Monday, August 06, 2007

Top Ten Things Heard On Swindon's Buses Last Week ; 16

Click here for the original and still the best at this brilliant idea, here's our own version for Swindon's buses from last week.

10. That helicopter was hovering all night.

9. I have fascinating thigh muscles.

8. He only just had the chance to wear his summer stuff on Saturday.

7. She reckons I have no taste, what a cheek.

6. They keep doing tests but they still don't know what's wrong with her.

5. He told me it was her birthday today, never mind.

4. I'd had one too many lemonade shandys to know what happened.

3. Just concentrate on the sound of my voice, now lend me a tenner.

2. We didn't even get her a leaving present.

And the top rated phrase overheard on Swindon's buses last week is...

1. If I wear it in Westlea its a skirt, if I wear it in Old Town it gets called a belt.

Thursday, August 02, 2007

Web Voting Unreality From Swindon's Returning Officer

Swindon's Deputy Returning Officer Alan Winchcombe seems to live in a parallel universe, a bit like in Back To The Future Part 2.

He's been defending the e-voting that took place in Swindon for the local elections in May. Despite one of the town's MP's saying she found the system 'unacceptable', despite the Electoral Commission saying further trials had 'little merit', Mr Winchcombe seems to think the system's fine.
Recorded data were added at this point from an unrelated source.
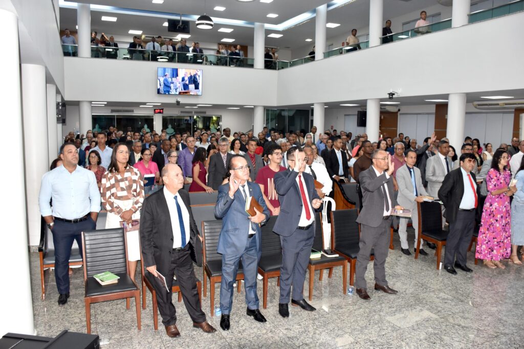 O presidente também leu textos bíblicos em Deuteronômio 19.14-15 e 2 Coríntios 13.1, ressaltando a fidelidade às Escrituras e o compromisso com a verdade bíblica.
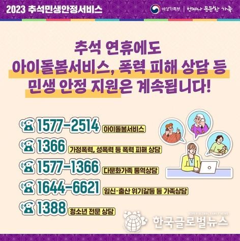(한국글로벌뉴스 - 박경희 기자) 추석 연휴에도 아이돌봄서비스, 폭력 피해 상담 등 민생 안정 지원은 계속됩니다.
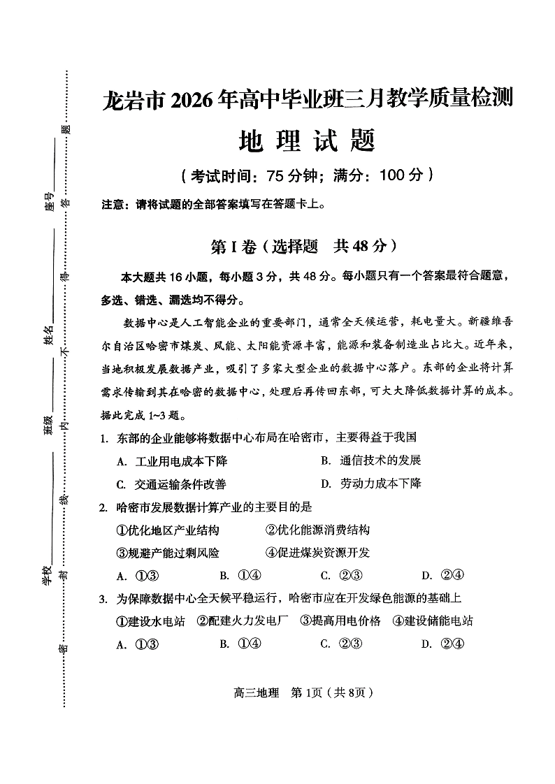 龙岩市2026年高中毕业班三月教学质量检测 地理.pdf
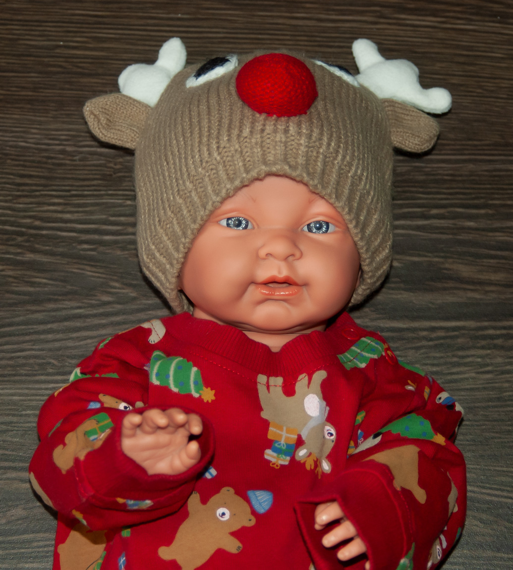 Čepice se zimním motivem zn. EARLY DAYS vel. 74(6-9 měs.), dle dítka, měřte. Parádní na adventní dny, štědrý den, vánoční svátky, vánoční focení nebo jako vánoční dárek. Je zateplená i uvnitř měkkým flaušem. Krásné zpracování obrázku: pletené oči, bambule namísto nosu, semišové parohy. Barva je zelenohnědá přírodní. Na miminku roztomilá. Pro představu na fotce figurína chlapeček Hynek (novorozenec - měří 50 cm, obvod hlavy 34 cm), je mu větší, je to pro starší miminko od 6. měs., ale samozřejmě záleží na velikosti dítěte. Top stav, dá se říct nová bez visačky.
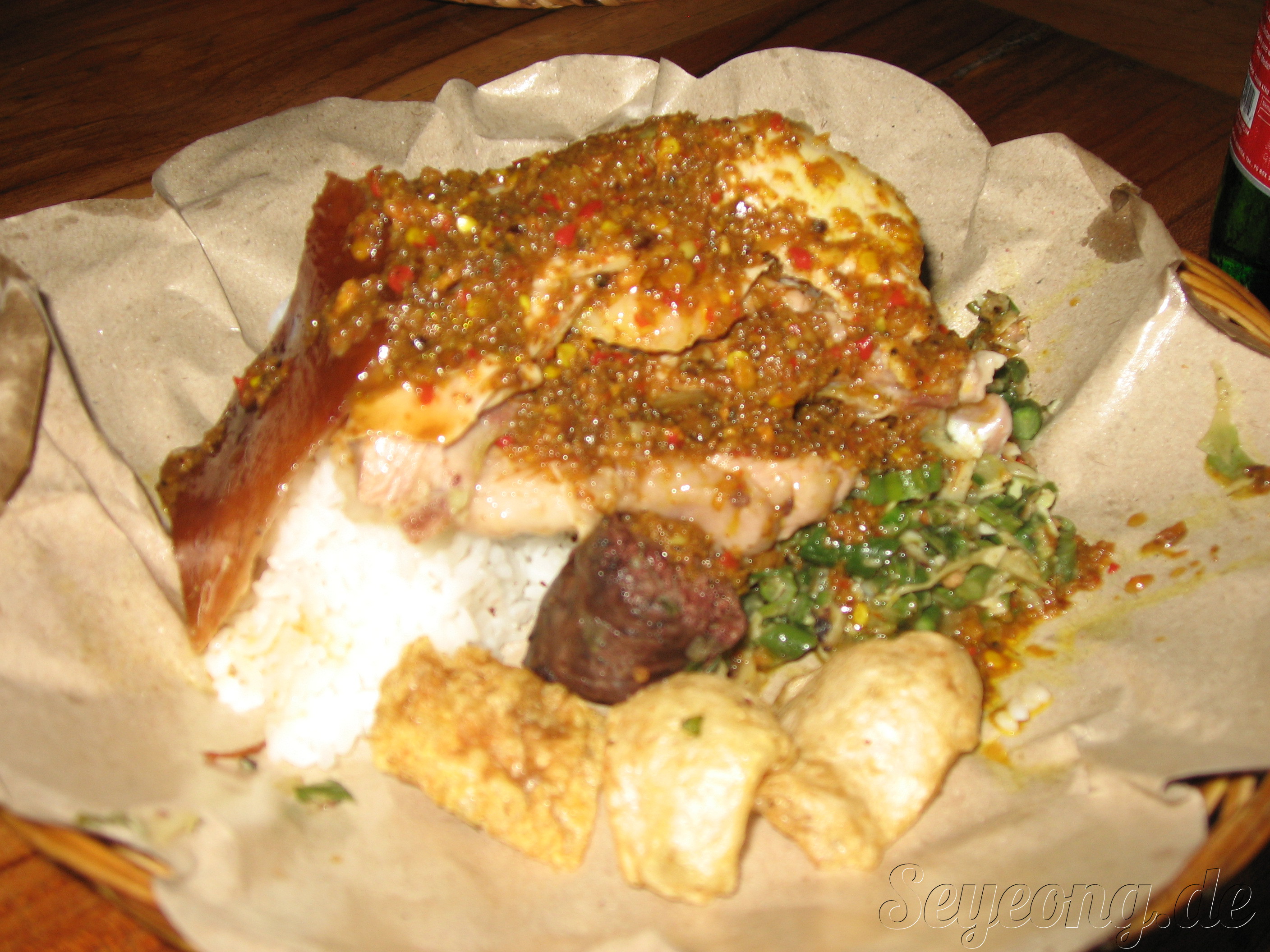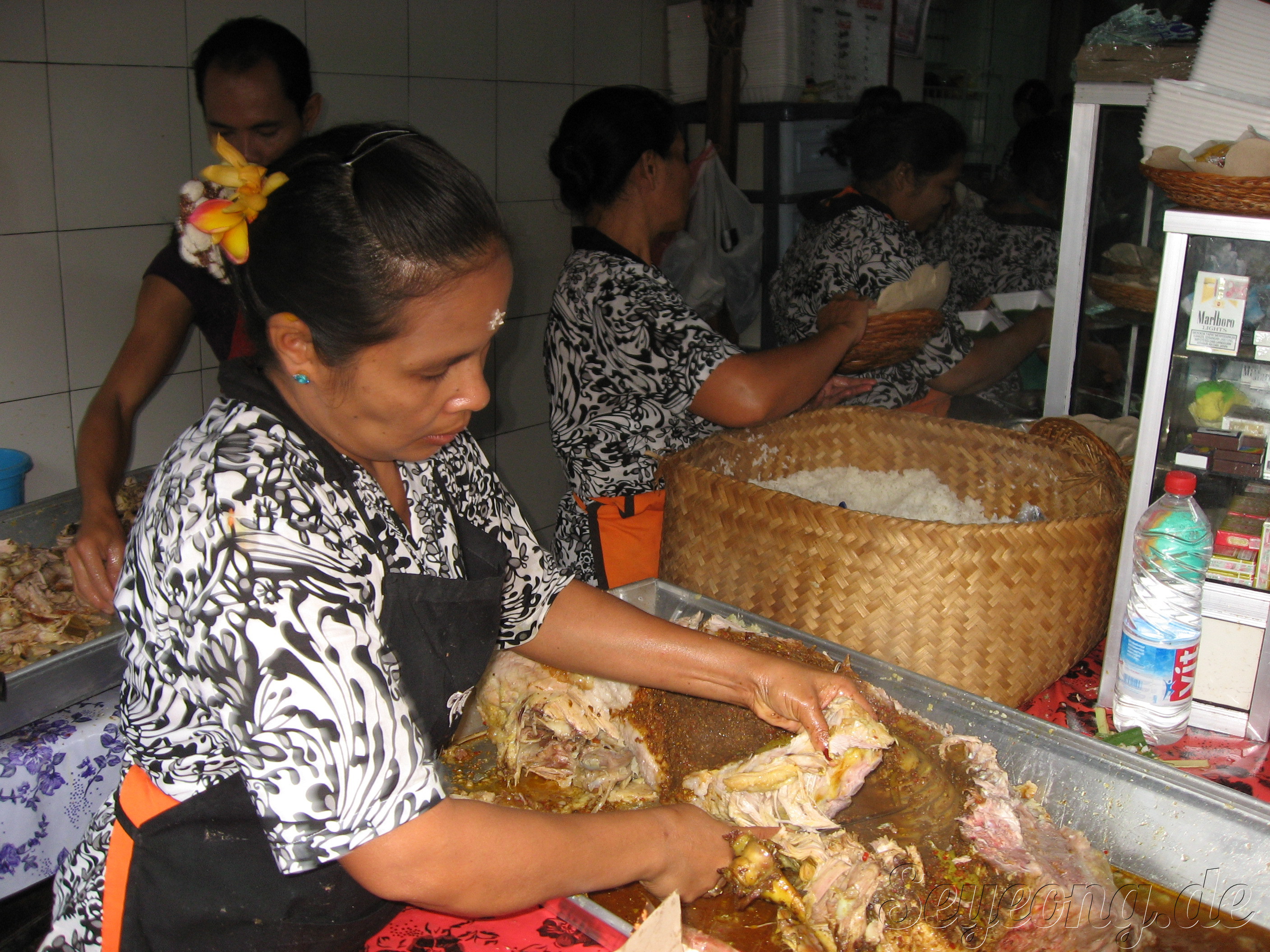 발리 고유의 돼지 요리이지만 그 맛은 외국인을 사로잡을 만한 입소문을 타서 지금은 줄을 서야만 먹을 수 있는 맛집이 되었다.
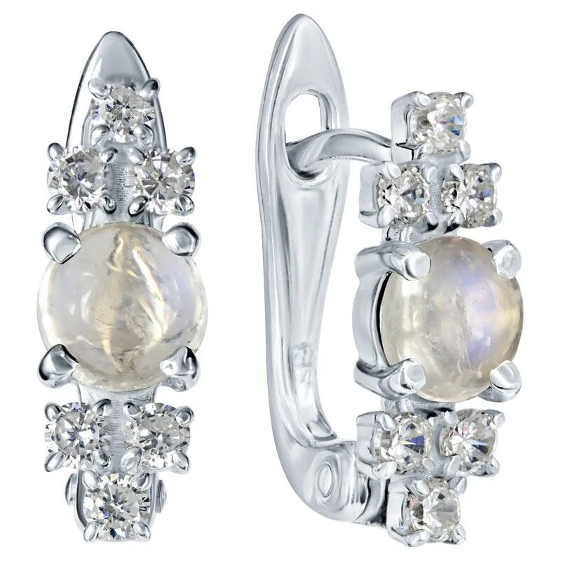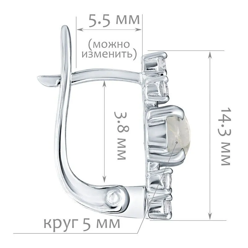 Серебряные серьги с натуральным лунным камнем - коллекция Нова / покрытие Чистое Серебро.Средний вес украшения с камнями 2.62 гр.Месторождение(я): Лунный камень (Мадагаскар).Ювелирные вставки:Лунный камень (Натуральный) круг 5 мм., средний вес: 0.59 карат.Белый Нанокристалл круг 2 мм., средний вес: 0.06 карат.Все изделия собственного производства и имеют гарантию 12 месяцев. Арт. 8720AG . Лунный камень – удивительный по красоте минерал, который всегда считался подарком самой Луны! Он успокаивает владельца и способен избавить его от груза негатива. Особенно подходит женщинам, так как усиливает природное очарование. Считается, что украшения с этим минералом привлекают настоящую любовь.

He said the system didn't work in some places but did work in Swindon.

How did it work? Did it work by taking into the early hours of the following morning for the e-votes to be counted, longer than their paper ballot equivalent? Did it work by the equipment being set up in a rush of a few weeks, when it should have taken months of preparation? Did it work by some people thinking they had only the option of voting electronically? Did it work by having inadequete booths, were it could be witnessed several feet away who those on PCs were voting for?

Swindon Centric Says ; But don't expect these questions to be answered by Alan Winchcombe, he's stuck in an alternative 1985, where Swindon 'Hill Valley' is controlled by Biff Tannen and the town hall is a casino hotel.

Wednesday, August 01, 2007

Swindon Needs A New Girl Friday ; Our Appeal

Anyone out there with a few million pounds spare?

Bored of bland news in small provincial towns?

Banish that dusty problem cash and column inch misery by investing in a second Swindon daily newspaper!

Today the Swindon Centric Blog launches a campaign (it'll probably just last a week) to get someone, anyone to give the town competition in the form of a second daily town-wide newspaper.

Competition can only lead to better reporting, varied content and quality writing.

Swindon Centric Says ; Does Perry White need a change of scene?